[Supplied information]

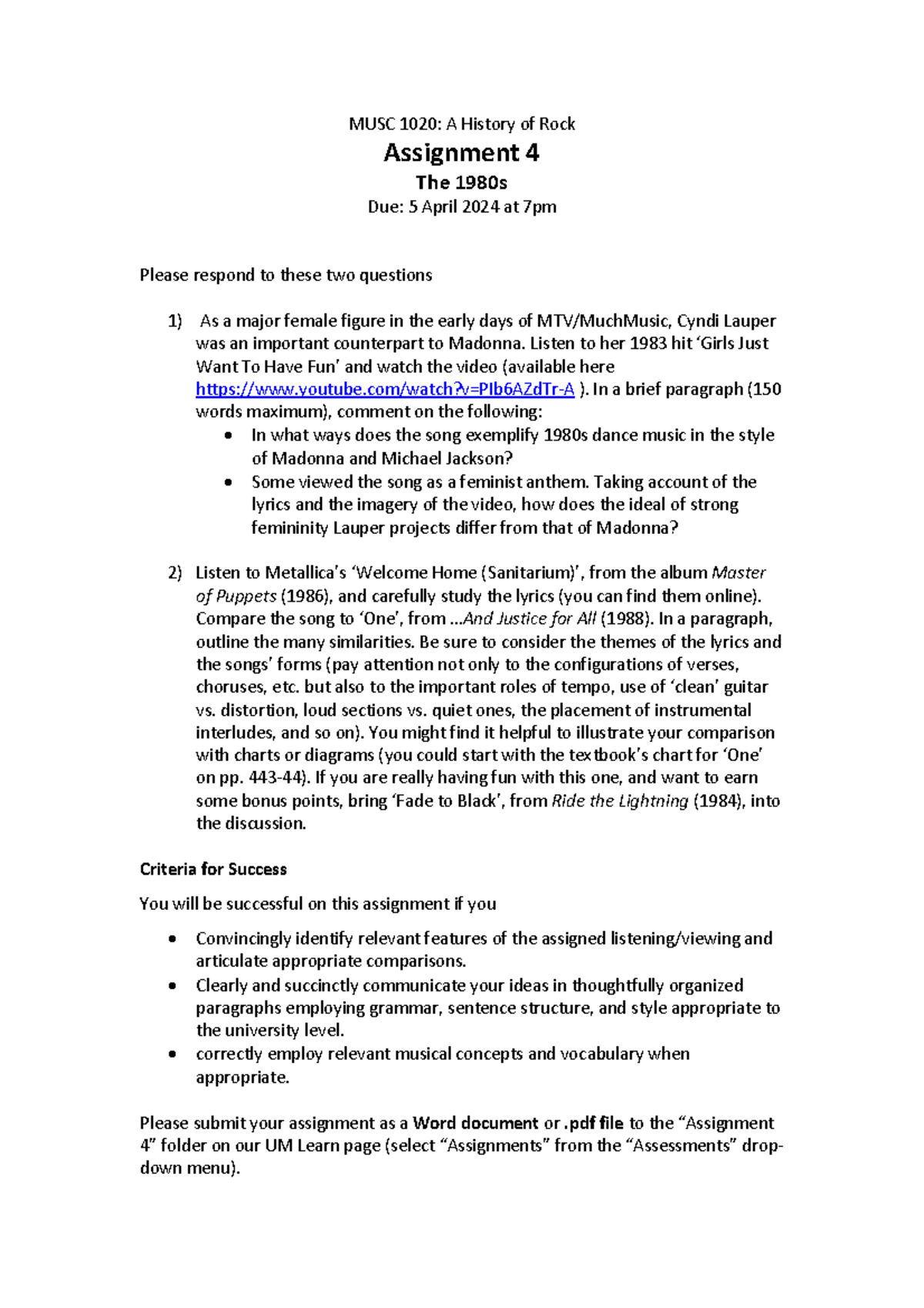 MUSC 1020: Assignment 4 - Analyzing 1980s Music Trends and Feminism ...
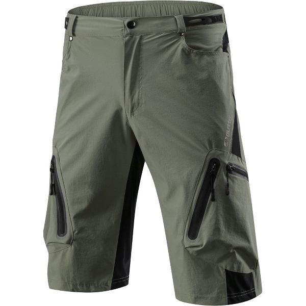 Mountainbike fietsbroek - hoge kruis - korte - met veel zakken - L - Legergroen
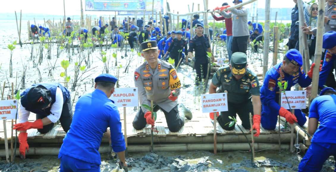 Kapolda Jatim ini menyebut ada lebih kurang 18.300 bibit mangrove secara keseluruhan yang ditanam serentak diseluruh wilayah Jawa Timur.’

[/Supplied information]

> What the task asks: Retype exactly, please, the span from the line holding "Mountainbike fietsbroek - hoge" through the closing line of the data, both ends included, without the pictures.

> Solution for this problem:
 Mountainbike fietsbroek - hoge kruis - korte - met veel zakken - L - Legergroen
 Kapolda Jatim ini menyebut ada lebih kurang 18.300 bibit mangrove secara keseluruhan yang ditanam serentak diseluruh wilayah Jawa Timur.’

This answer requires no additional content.